Or, une des causes de cette réussite est … un des handicaps de sa création. Les scénaristes ont quitté le film, ont été remplacés, puis sont revenus. Du coup, le film a évolué, dans une narration qui retombe sur ses pattes, mais s’enrichit plutôt qu’elle n’est incohérente. Un petit miracle.

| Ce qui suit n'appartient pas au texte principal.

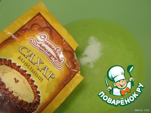 Итак. Белки отделить от желтков. Белки взбить в крепкую пену с щепоткой соли и обычным и ванильным сахаром. -
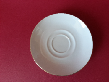 Vintage Kaffeetasse und Unterteller der Marke Thomas - Entwurf Tapio Wirkkala, Porzellan in weiß mit zartem Goldrand an Tasse und Teller ca. 50er/60er Jahre
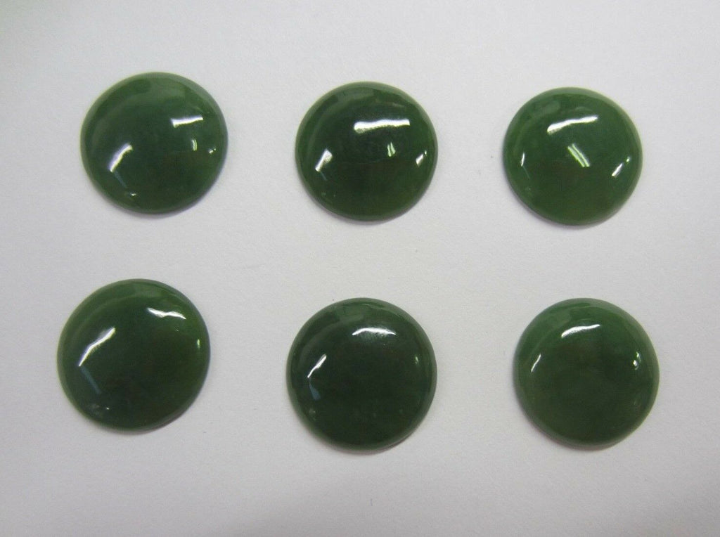 Description: Lot of 6 British Columbia Nephrite BC Jade High Quality Calibrated Round cabochons. Gemstones will not be the actual pictures and might be in different color shades but all are high quality.

Ingrid Bergman ne savait pas comment allait finir le film, parce que les scénaristes ne le savaient pas, aussi elle ne l’intériorisera pas. Elle vit ainsi pleinement le dilemme romantique qui est le sien. Elle aime deux hommes, elle est tiraillée entre deux passions, de natures différentes. L’une, sans raison qui puisse se formuler, violente. L’autre, qui a plus de sens, un sens politique. Elle est tombée folle amoureuse du personnage joué par Bogart alors qu’elle ne pensait plus revoir vivant l’homme qu’elle aimait, un grand résistant tchèque. Le drame est total pour elle. Elle n’est pas simplement tiraillée entre deux passions, mais aussi entre la grandeur d’âme et la passion. Le dilemme va contaminer le personnage de Bogart. Il y a certes un petit côté machiste dans le film. Puisque Bergman s’en remet à Bogart, bien qu’elle campe une femme d’une grande noblesse d’âme, consciente de la portée de ses choix. Cependant, Bogart incarne aussi un homme double, exaltant la virilité et le courage, mais d’une grande fragilité émotionnelle, rongé par l’amour déçu, effondré, « sentimental » lui dira deux fois le chef de la Police.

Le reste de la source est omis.